What has helped me the most with the understanding of bipolar disorder (as I experience it) is creating a map.

The map lets me know what to expect when I have an episode. It can help me notice an episode coming on, or that one is worsening. Basically the map is information about you, the different sorts of symptoms you have when different episodes occur, how long a typical episode is, how frequent, and more. Once you have a good idea of what to expect (which I call a good map) you can step into a place where you have a bit more power over what happens. That might mean predicting an episode before it is fully present, being able to take specific medications or talk to your doctor before an emergency occurs, or avoiding situations that will exacerbate your current state.

I know this sounds simple on one hand, and possibly a little ludicrous on the other, but it has really helped me, -a lot.

You might think this sounds all well and good, but how does one get from point A to point B? Or from somewhere in the middle to point B?

The catch is that this knowledge is not immediate. It takes time, but if you pay attention you probably don’t have to do much more than that, after a while it becomes easy to connect the dots on your own.

One thing that has really helped me is Mood Charting, something I talked at length about during Chart Week a few months ago. If you want more detailed information, doing a search for Chart Week here should give you more than enough.

What helps me in mood charting is that I don’t just track my mood itself, I also track what symptoms I am having, and when. I can reference this information to put together what symptoms happen early on in an episode, and can help me distinguish a low-level mixed episode from a low-level depressed episode (for me it is irritability and energy level that mark the difference).

Now that I know that irritability is an early warning sign of a mixed episode for me, I know not to go out on the town if I’ve been feeling irritable earlier in the day.

Mood charting is also great for understanding how long your episodes last, and how frequently they occur.

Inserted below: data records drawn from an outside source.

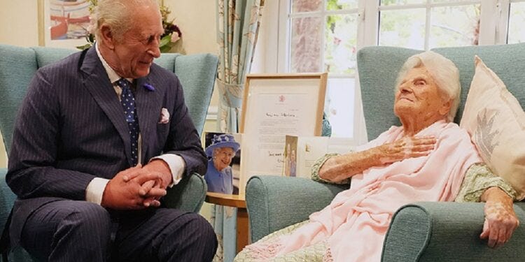 Carlos III visita a Ethel Catherham, la mujer más longeva del mundo, de 116 años.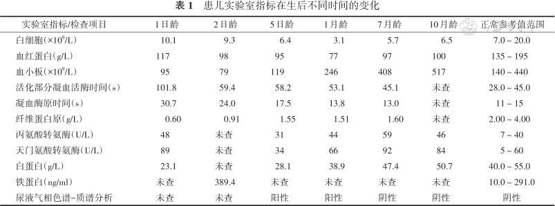 孕妇2020年5月29日转入本院后脐带血穿刺染色体核型分析、染色体微阵列分析、快速分子诊断、地中海贫血基因、耳聋基因、脊髓性肌萎缩症基因检测均未见异常;全外显子组测序提示TALDO1基因存在c.462-2A>G剪接变异和c.574C>T(p.R192C)罕见错义变异的复合杂合变异(图1),分别遗传自母亲及父亲,依据美国医学遗传学与基因组学学会(American College of Medical Genetics and Genomics,ACMG)变异分类指南,该变异为“2类-可能致病”。孕妇遗传咨询后选择继续妊娠,孕38周+1阴道分娩,羊水清,无胎膜早破,新生儿出生体重2 760 g,1、5、10 min Apgar评分分别为8、9和9分,转新生儿重症监护病房。新生儿生后稍有气促、呻吟、青紫,体格检查示肺部湿啰音,腹部膨隆、腹壁静脉显露,肝脾无明显增大。有特殊体征,包括多毛、皮肤松弛/皱褶多、反蒙古样倾斜、眶下折痕、鼻梁塌陷、低耳位和阴蒂肥大(图2)。生后脾脏进行性增大,肝功能轻度异常,凝血酶原时间、凝血酶时间及活化部分凝血活酶时间延长,纤维蛋白原低,凝血因子活性均降低,血小板和血红蛋白降低,血清铁蛋白轻度升高(表1)。生后第6天心脏彩超示动脉导管未闭及房水平左向右分流。尿液气相色谱-质谱分析见大量木糖醇。血浆氨基酸分析以及肝胆胰脾、双肾、肾上腺、头颅超声和脑电图均正常。结合产前脐带血外显子组测序结果,患儿确诊“转醛醇酶缺乏症”。患儿生后予有创辅助通气1 d,补充维生素K1、输注新鲜冰冻血浆2次及纤维蛋白原1次,合理喂养等对症支持治疗,血小板及血红蛋白无进行性下降,肝功能、凝血功能明显改善,生后第8天好转出院。出院后一直服用乙酰半胱氨酸、维生素E、维生素C及维生素AD。定期门诊随访发现患儿持续贫血,但血红蛋白呈缓慢上升趋势,血白细胞、血小板、肝酶、白蛋白、凝血功能、纤维蛋白原、血脂基本维持在正常水平。尿液气相色谱-质谱分析提示木糖醇增高、核糖醇逐渐减少。7、10月龄连续2次尿液气相色谱-质谱分析基本正常(表1)。随访期间监测患儿体格和神经运动发育基本正常。10月龄可独站片刻,可手膝爬,能拇食指捏物,会发“DADA”音,1岁可独走。特殊体征逐渐不明显,现1岁3月龄仍可见双手背及颈背部皮肤较松弛且皱褶多,继续随访中。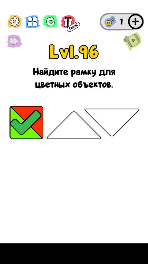 Найдите рамку для цветных объектов. 96 уровень Trick Me: логические головоломки — Это игра созданная в виде викторины. Каждый новый уровень отличается от предыдущего, что делает игровой процесс затягивающим и интересным. Если ты хочешь узнать насколько ты умный, тогда эта игра точно для тебя! Trick Me поможет тебе развить нестандартное мышление, и повысить свой IQ. В этой игре уже есть 236 уровней, которые постоянно обновляются и пополняются. Но если застрял на одном или нескольких уровнях, и не можешь их пройти, то наш сайт придет на помощь, у нас есть все ответы на уровни игры Trick Me.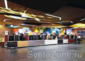 Интересна светоцветовая композиция интерьера фойе с гардеробом под главным залом. Потолочные световые «зигзаги» в комбинации с настенными светильниками “Concrete Lights” и Gobo-проекцией на потолке и стенах создают весьма необычную динамичную атмосферу в преддверии концерта.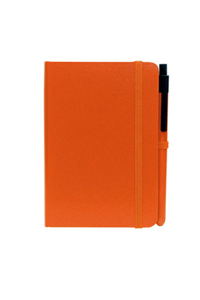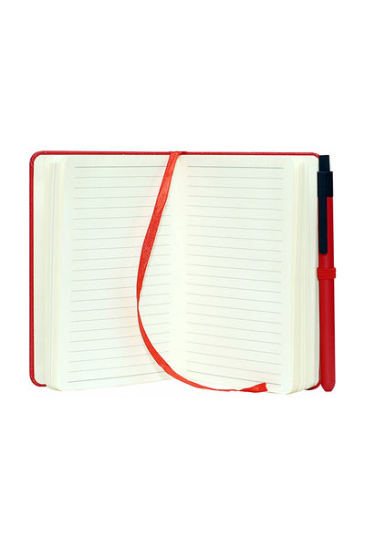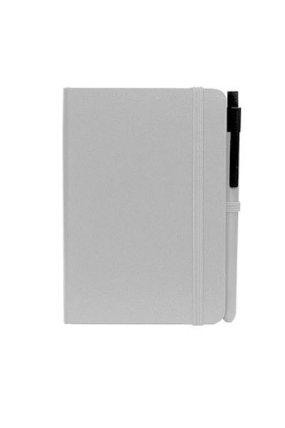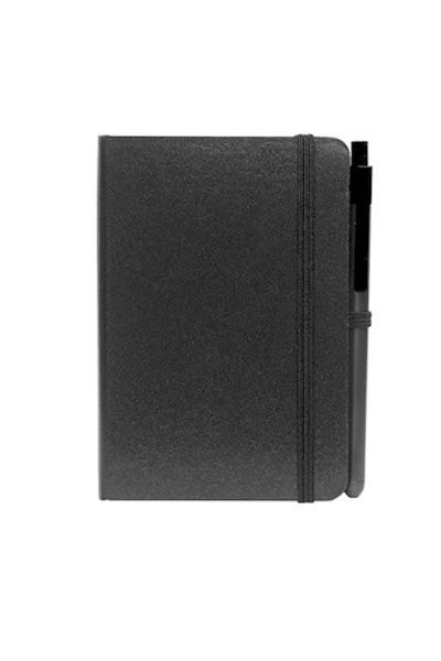 13 X 8 cm. 80 hojas rayadas. Incluye lapíz pasta metálico. Tinta negra.Separador de hojas en tela. Cierre con banda elastica.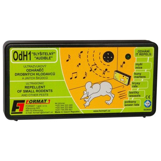 Zvukově-ultrazvukový elektronický plašič myší, plašič kun, krys, lasiček a potkanů. Jedná se o ryze český produkt s dlouholetou tradicí na trhu (od r. 1991) vyráběný ve firmě FORMAT1 spol. s r. o. Spolehlivý, výkonný, za dobu více jak 29 let ověřený mnoha zákazníky. Neškodný jak pro člověka a domácí hospodářská zvířata.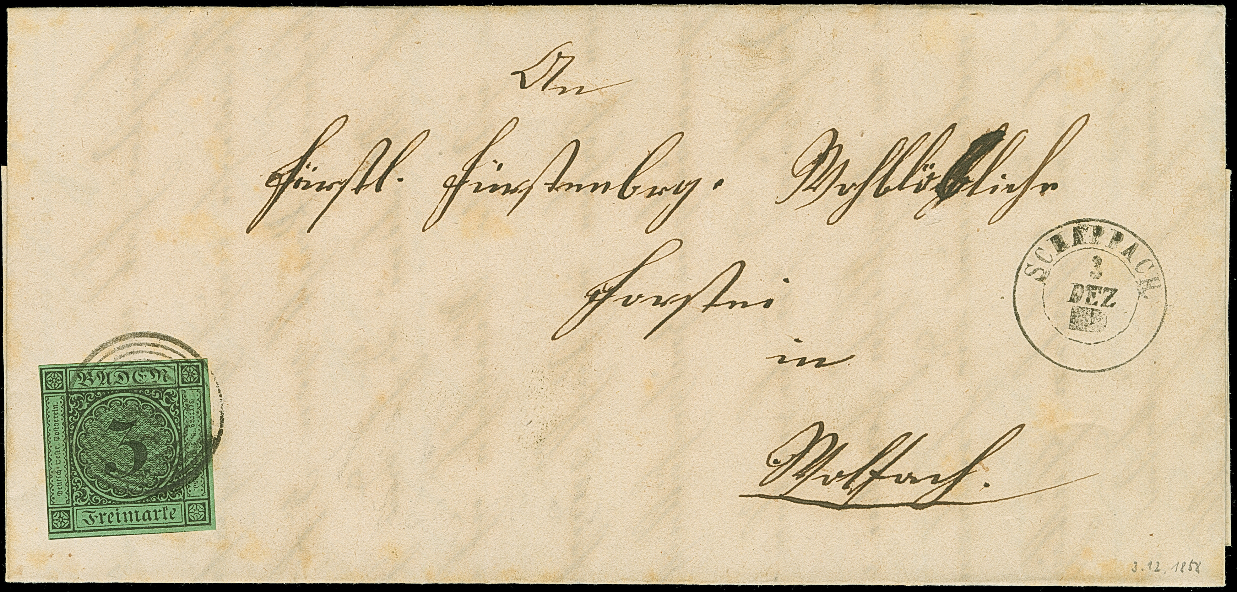 3 Kr. auf grün, voll- bis breitrandig, mit zentrisch auf- und zusätzlich nebengesetztem Uhrradstempel "10" (Kuppenheim) und nebengesetztem DKr. "RASTATT 10.FEB" auf Briefhülle nach Bruchsal. Lagerungsbedingte Tönungsstellen, sonst tadellose und ursprüngliche Erhaltung. Uhrradstempel sind auf dieser Marke außerordentlich selten; PROFI hat kein weiteres Ganzstück registriert. Fotoattest Stegmüller BPP (2026)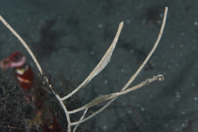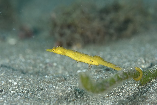 千切れたミル片に掴まり続けるキレイな黄色いタツノイトコ。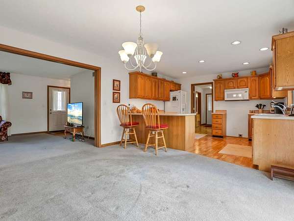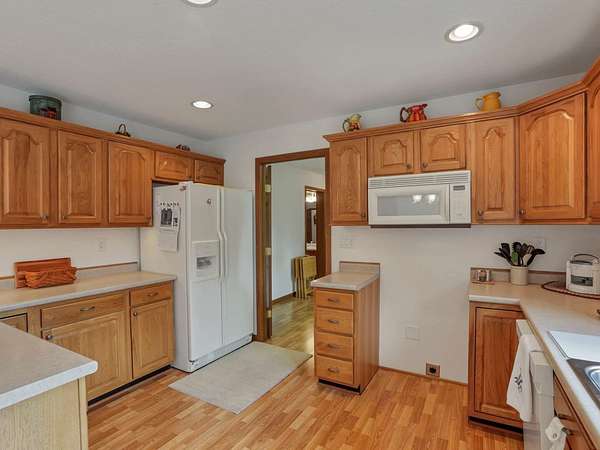 Downstairs, the full walk-out basement is partially finished with a full bath and provides additional space that could be finished out to suit your needs. The 2-car garage is separated from the home by a covered breezeway and offers plenty of space for parking, additional storage, or a workshop.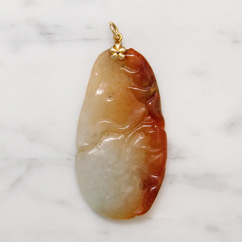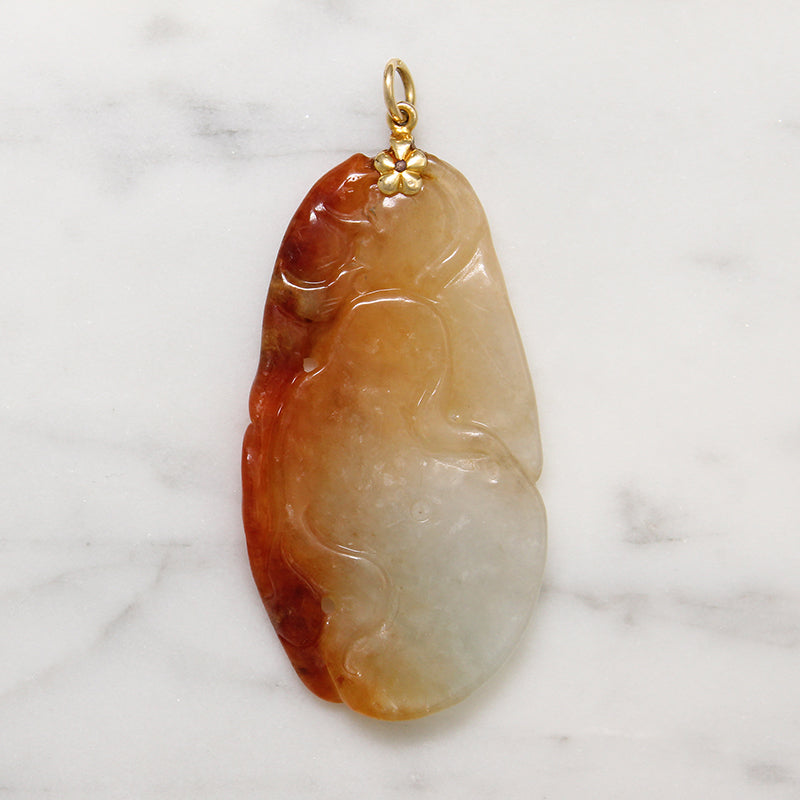 Antique Carved Jade Lily Pad & 14k Gold Pendant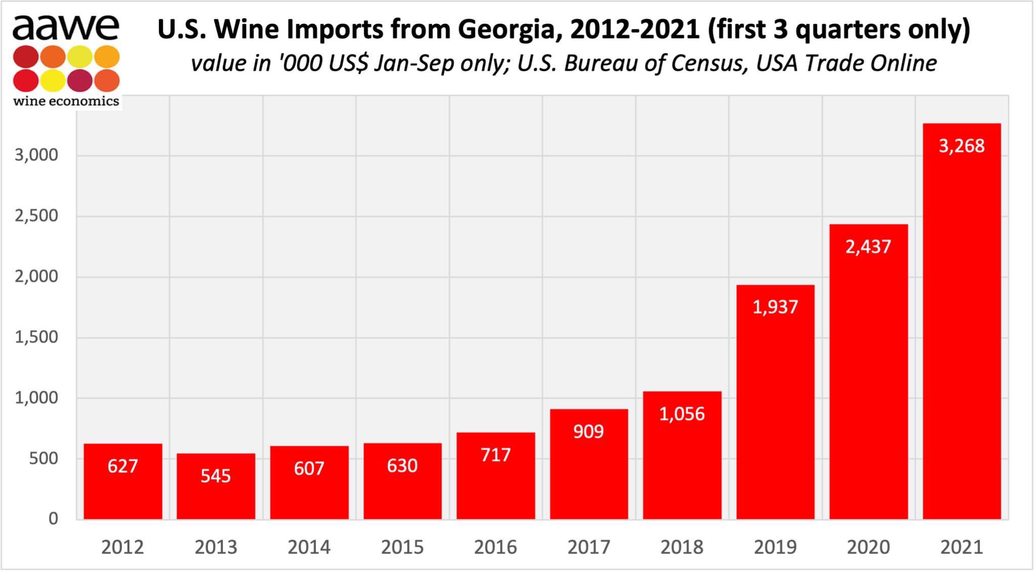 ბოლო 9 წლის განმავლობაში, აშშ-ში ქართული ღვინის იმპორტი 5-ჯერ გაიზრდა - AAWE
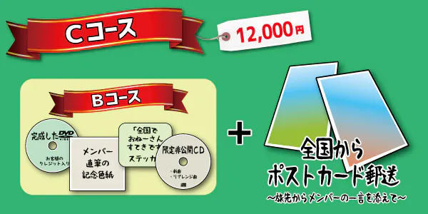★Bコースに加え、メンバーからのひと言を添えたポストカードが各地域から郵送されてくるタイムリーなコース。いろんな旅先からポストカードが届くなんてロマンチックだネ!(全7通予定)

There are a few people I know who experiencing cycling that they could set a clock by, while others (like me) cycle almost entirely at random. Are you someone who can count on an episode to be two weeks long, for example, or does it fluctuate? Are you stable for a few weeks at a time, or do you go straight from one extreme to the other without stable periods?

Journaling is a great tool for understanding what symptoms are associated with which kinds of episodes as well. I have a hard time re-reading journals, but many people find them very helpful.

It may well be that you don’t know what your symptoms are. Or, you know you feel something but you can’t quite put your finger on it. This is an arena where I really like to journal, because you can describe your symptoms however you like. I like to give mine names (if I don’t know the real name) and I also give the types of episodes I experience names as well, depending on how they make me feel. It might sound curious, but check out any posts involving “crazy girlfriend” for an example.

For a very simple exercise, I like to wake up and try to distinguish how I feel right off the bat. Am I leaping out of bed? Am I begging to go back to sleep? Is this normal for me? How do I feel? It wasn’t until a month or two of doing this that I recognized that my moods in the morning are significantly different than the moods I have in the evening.

As I said before, this isn’t something that one can really learn over night, but practice makes perfect …improvement. Setting up a map with signs for yourself to see what is coming can be very helpful, and can definitely give you an edge when dealing with bipolar episodes.

To me, the best part about learning about my symptoms and episodes is that it has helped me distinguish the emotions I am having as unjustified when I’m experiencing them in an episode. The emotional part of bipolar disorder is what has yanked me around the most, and not knowing when I could trust my emotions and when I couldn’t was extremely frustrating and detrimental. If I can identify a mixed episode before I start being ultra rude to those around me, I’d classify that as a win!